案例五:脊椎前移疾病的风险识别
背景介绍
数据来源
人的脊柱是由很多块脊椎组成的。通常情况下,脊椎就像积木一样叠成一列。如果其中的一小块骨头出了毛病,一块脊椎从正常的位置滑开,就会造成脊椎滑动,也就是脊椎前移。它是一种在老人、儿童、运动员等人群中特别常见的骨科疾病。
本数据集来自欧洲某家医院的100位已康复的骨科住院病人的生物力学特性检测资料,临床医生想从中快速发现为数不多的脊椎前移风险较高的患者。这里,我们运用异常值检测的方法,对这些病人进行初步筛选。
数据集的下载链接如下:
http://pw7x36qrk.bkt.clouddn.com/vertebral_column.csv
字段含义
特征变量名称 | 特征变量含义 |
---|---|
pelvic incidence | 盆腔发病率 |
pelvic tilt | 骨盆倾斜 |
lumbar lordosis angle | 腰椎前凸角 |
sacral slope | 骶部斜坡 |
pelvic radius | 骨盆半径 |
grade of spondylolisthesis | 脊椎滑脱分级 |
数据预处理
数据质量检查
已完成,此处不考虑。
数据清洗
已完成,此处不考虑。
特征选择
由于该数据集中所有6个字段都有临床分析意义,因此我们将其全部投入使用。
建模
算法选择
因为建模的目的是在现有的数据中发现异常,即所有的骨科康复病人中有哪些人患脊椎前移的风险高?所以我们可以选择使用异常值检测中的离群点检测算法来拟合数据。在没有明确倾向性的情况下,我们将采用比较适合做离群点检测的一种通用性算法,即局部异常因子算法(Local Outlier Factor)。
数据导入
由于异常检测属于无监督型的机器学习,一般不需要划分训练集和测试集,所以我们直接将vertebral_column.csv导入平台,并保存为同名的数据集。
数据标准化
由于该数据集中6个生物力学特性的量程范围各不相同,因此最好需要在异常值检测的正式建模前进行数据标准化的处理。这里,使用了最常见的Z-score标准化方法,即将原数值减去所有数值的平均值,再除以所有数值的标准差。

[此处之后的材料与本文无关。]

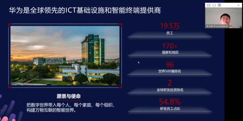 首先介绍下华为公司,华为是全球领先的ICT基础设施建设和智能终端的提供商,目前有将近20万的员工,在全球170多个国家和地区都有分支机构。同时华为也非常重视研发投入,研发员工的占比超过了54。8%,华为希望把数字世界带入每一个人、每一个家庭、每个组织,构建万物互联的智能世界。华为一直把创新以及研发刻在自己公司的基因里面,所以面向所有的开发者以及创新型企业提供了非常多初创生态权益。

| from dataset:vertebral_column
| eventstats avg(pelvic_incidence) as avg1, stdev(pelvic_incidence) as stdev1,
avg(pelvic_tilt) as avg2, stdev(pelvic_tilt) as stdev2,
avg(lumbar_lordosis_angle) as avg3, stdev(lumbar_lordosis_angle) as stdev3,
avg(sacral_slope) as avg4, stdev(sacral_slope) as stdev4, avg(pelvic_radius) as
avg5, stdev(pelvic_radius) as stdev5, avg(grade_of_spondylolisthesis) as avg6,
stdev(grade_of_spondylolisthesis) as stdev6
| eval pelvic_incidence_new=(pelvic_incidence - avg1) / stdev1,
pelvic_tilt_new=(pelvic_tilt - avg2) / stdev2,
lumbar_lordosis_angle_new=(lumbar_lordosis_angle - avg3) / stdev3,
sacral_slope_new=(sacral_slope - avg4) / stdev4,
pelvic_radius_new=(pelvic_radius - avg5) / stdev5,
grade_of_spondylolisthesis_new=(grade_of_spondylolisthesis - avg6) / stdev6
训练模型
在机器学习APP内,我们使用fit算子训练离群点检测。由于进行的是离群点检测,而不是新颖点检测,所以不会产生模型的输出,但是会新产生一列predicted_is_inlier,它记录了该模型在数据集上的离群值检测结果:
| from dataset:vertebral_column
| eventstats avg(pelvic_incidence) as avg1, stdev(pelvic_incidence) as stdev1,
avg(pelvic_tilt) as avg2, stdev(pelvic_tilt) as stdev2,
avg(lumbar_lordosis_angle) as avg3, stdev(lumbar_lordosis_angle) as stdev3,
avg(sacral_slope) as avg4, stdev(sacral_slope) as stdev4, avg(pelvic_radius) as
avg5, stdev(pelvic_radius) as stdev5, avg(grade_of_spondylolisthesis) as avg6,
stdev(grade_of_spondylolisthesis) as stdev6
| eval pelvic_incidence_new=(pelvic_incidence - avg1) / stdev1,
pelvic_tilt_new=(pelvic_tilt - avg2) / stdev2,
lumbar_lordosis_angle_new=(lumbar_lordosis_angle - avg3) / stdev3,
sacral_slope_new=(sacral_slope - avg4) / stdev4,
pelvic_radius_new=(pelvic_radius - avg5) / stdev5,
grade_of_spondylolisthesis_new=(grade_of_spondylolisthesis - avg6) / stdev6
| fit LocalOutlierFactor pelvic_incidence_new pelvic_tilt_new
lumbar_lordosis_angle_new sacral_slope_new pelvic_radius_new
grade_of_spondylolisthesis_new
预测结果
模型简单应用
根据离群值检测的结果,可以发现所有的骨科住院病人中共有4个脊椎前移风险较高的患者,他们的id分别是:13、15、46、92。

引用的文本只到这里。